1961 de birleşmiş milletler örgütü tarafından birinci kalkınma onyılı ilan edildi. on yılın
sonunda eski kanada başbakanı pearson başkanlığında hazırlanan rapor, kalkınma on
yılının umut verici sonuçlar doğurmadığını ortaya koyuyordu. aslında emperyalist sermaye
o kadarına bile razı değildi. kapitalizmin yeniden yapısal krize girip, güç dengesinin
sermaye lehine dönmesiyle, kalkınma kavramı da itibar kaybına uğrayıp silikleşti . 1950'li
ve 60'lı yıllarda emperyalist ülkeler üçüncü dünya'nın kendinden kopmasını engellemek
için ‘ödünler' veriyordu, ama kapitalizmin yapısal kriziyle birlikte güç dengesinin tekrar
ezilen halklar ve sömürülen sınıfların aleyhine dönüp savunmaya geçmeleriyle, artık ödün
verme dönemi de geri kalıyordu… abd'nin önünü çektiği kollektif emperyalizm yeniden
saldırıya geçti. borçlu üçüncü dünya'ya emperyalizmin [sermayenin] tek yanlı çıkarını
gözeten yapısal uyum proğramlarını dayatmalarıyla, artık kalkınmacılık retorik [söylem]

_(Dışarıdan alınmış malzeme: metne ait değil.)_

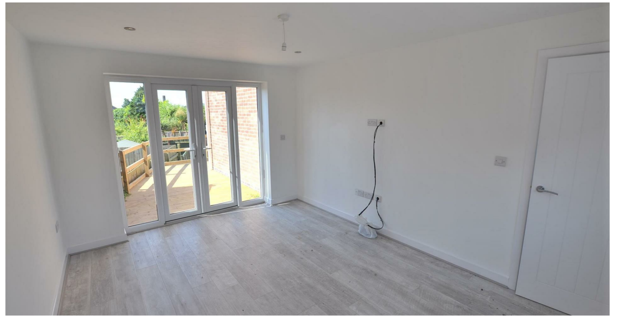
1c Greedon Rise, Sileby, Leicestershire, LE12 7TE

düzeyinde bile gündemden düşmüştü. yapısal uyum proğramlarıyla üçüncü dünyayı
kalkınmacılıktan uzaklaştırıp, yeniden kompradorlaştırma hedefi büyük ölçüde gerçekleşti.

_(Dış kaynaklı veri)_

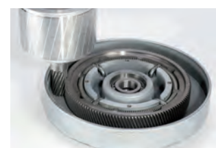
Metal Gear drive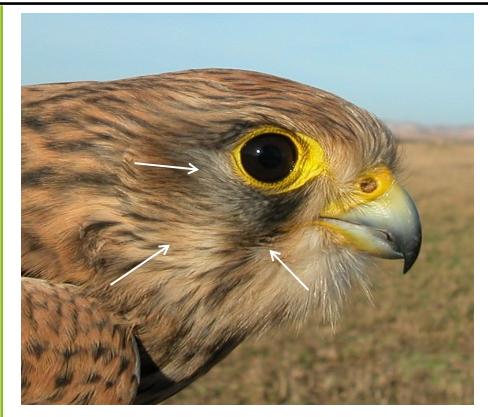
Common Kestrel. Adult. Female.

Lesser Kestrel. Pattern of head: dark moustachial stripe poorly distinc, pale cheeks with thin streaks and no dark line on the eye.

kompradorlaşma kavramını, biçimsel bir siyasal bağımsığın varlığına rağmen, emperyalist
merkezler tarafından yönetilen, biçimlendirilen, biçimsizleştiren, deregülasyon sonucu
iğdişleşmiş devlet aygıtına sahip sosyal formasyonları, oradalarda geçerli rejimler için
kullanıyorum. söz konusu ülkelerin ekonomik ve sosyal politikaları emperyallist odakların
hizmetindeki kurumlar [imf, dünya bankası, dtö (dünya ticaret örgütü), vb.] tarafından
belirleniyor. dolayısıyla, daha önce başka yerde yazdığım gibi, üçüncü dünya'nın ayrıcalıklı
elitlerinin sınıfsal çıkarı, onları kompradorlaşma yönünde tercihe zorluyor. bu yüzden
“kendi” halklarından çok, emperyalizme daha yakın olduklarını söylemek gerekir… buna
rağmen ulusalcı söylemi dillerinden düşürmüyorlar… öyleyse, ulusal ve ulusalcılık gibi
kavramların teşhir edilmesi gerekecek.